No. 4:19-cv-01182-AGF

11-18-2019

DWAYNE ROBISON, Plaintiff, v. LISA SANDERSON, et al., Defendants.


MEMORANDUM AND ORDER

This matter is before the Court on review of the amended complaint filed by plaintiff Dwayne Robison pursuant to 28 U.S.C. § 1915. For the reasons discussed below, the Court will dismiss plaintiff's amended complaint for failure to state a claim.

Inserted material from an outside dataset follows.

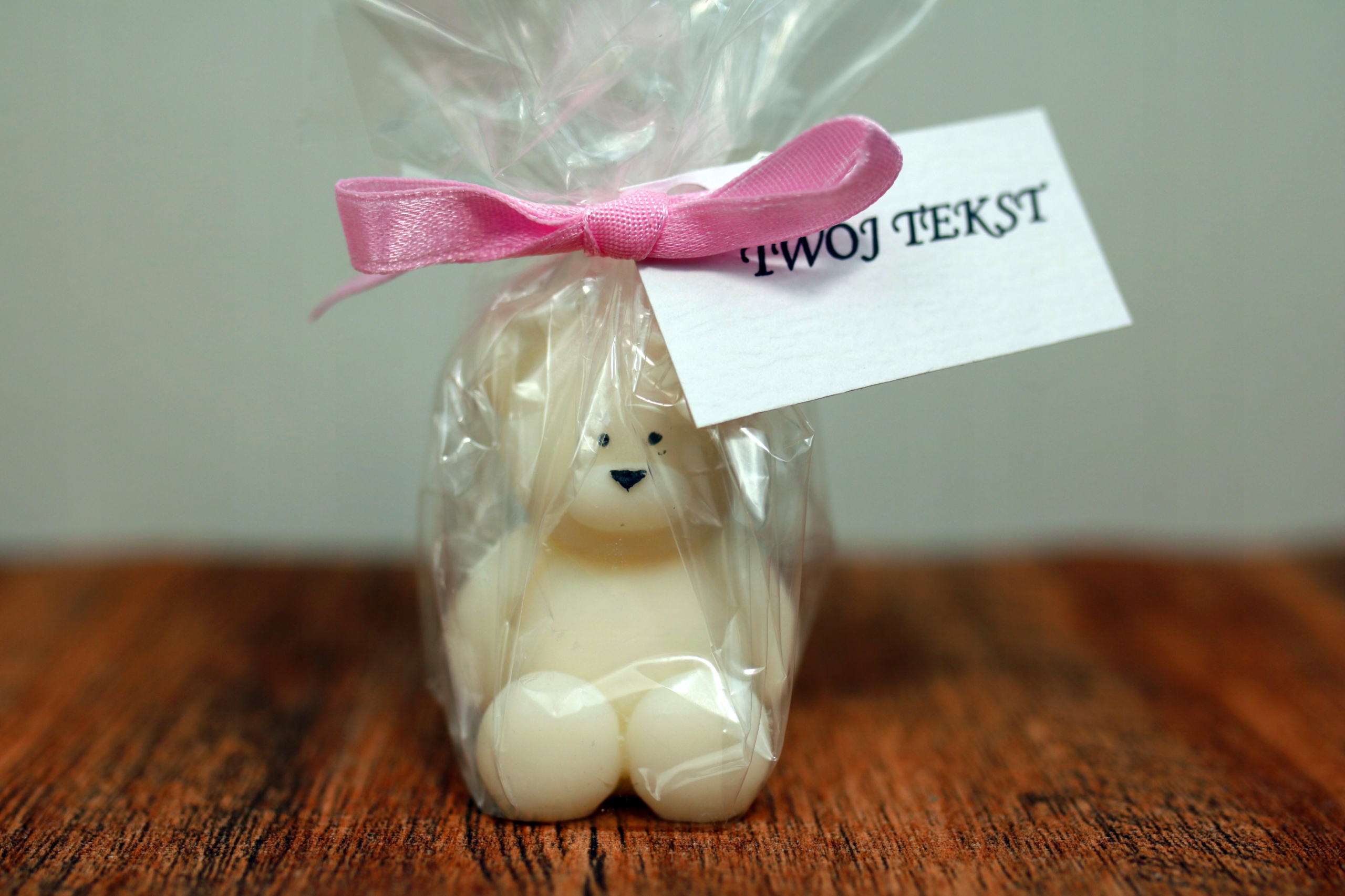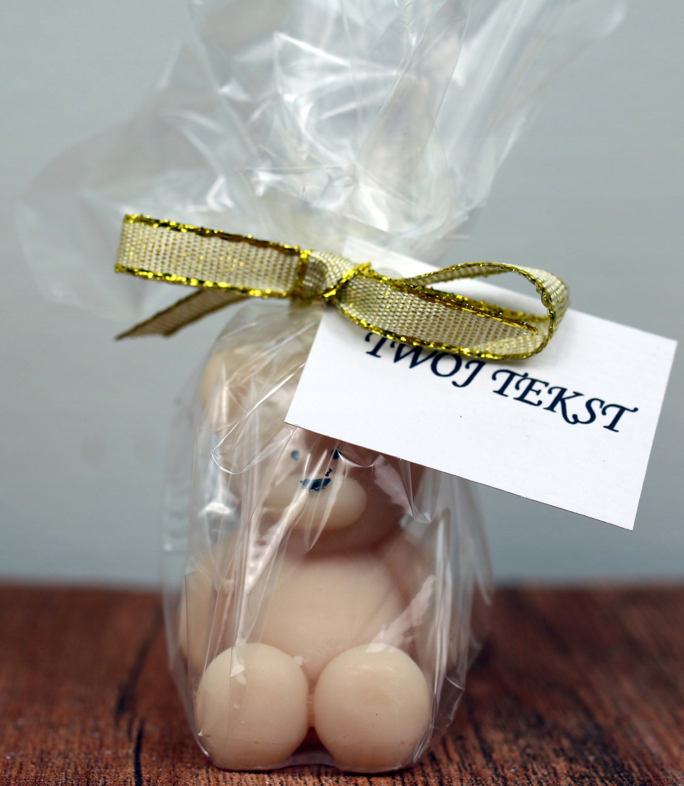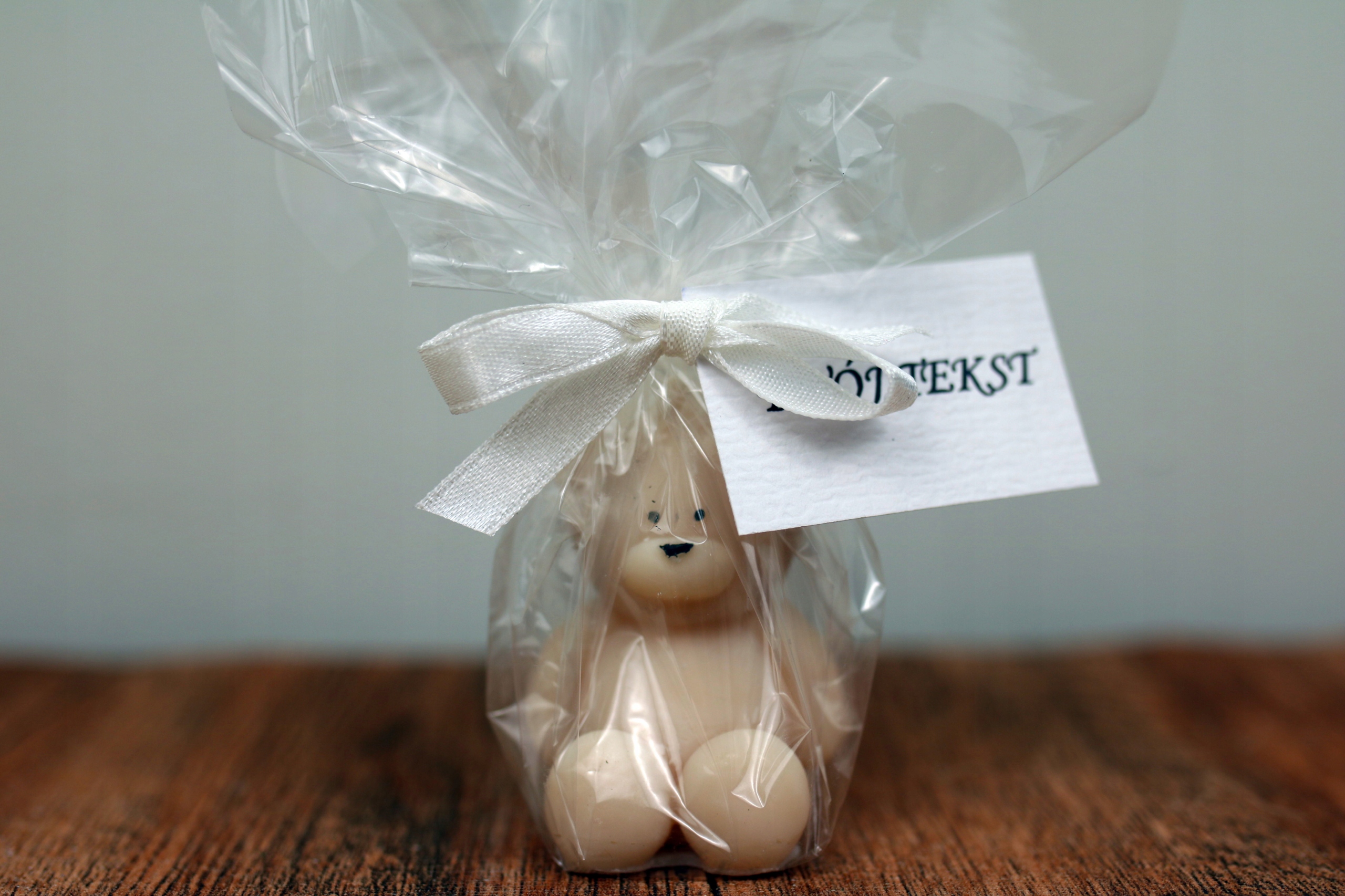 Свічка соєва декоративна «Ведмедик Тедді», бежева, упакована в целофан з білою етикеткою

Legal Standard on Initial Review

Under 28 U.S.C. § 1915(e)(2), the Court is required to dismiss a complaint filed in forma pauperis if it is frivolous, malicious, or fails to state a claim upon which relief can be granted. To state a claim under 42 U.S.C. § 1983, a plaintiff must demonstrate a plausible claim for relief, which is more than a "mere possibility of misconduct." Ashcroft v. Iqbal, 556 U.S. 662, 679 (2009). "A claim has facial plausibility when the plaintiff pleads factual content that allows the court to draw the reasonable inference that the defendant is liable for the misconduct alleged." Id. at 678. Determining whether a complaint states a plausible claim for relief is a context-specific task that requires the reviewing court to draw upon judicial experience and common sense. Id . at 679. The court must "accept as true the facts alleged, but not legal conclusions or threadbare recitals of the elements of a cause of action, supported by mere conclusory statements." Barton v. Taber, 820 F.3d 958, 964 (8th Cir. 2016). See also Brown v. Green Tree Servicing LLC, 820 F.3d 371, 372-73 (8th Cir. 2016) (stating that court must accept factual allegations in complaint as true, but is not required to "accept as true any legal conclusion couched as a factual allegation").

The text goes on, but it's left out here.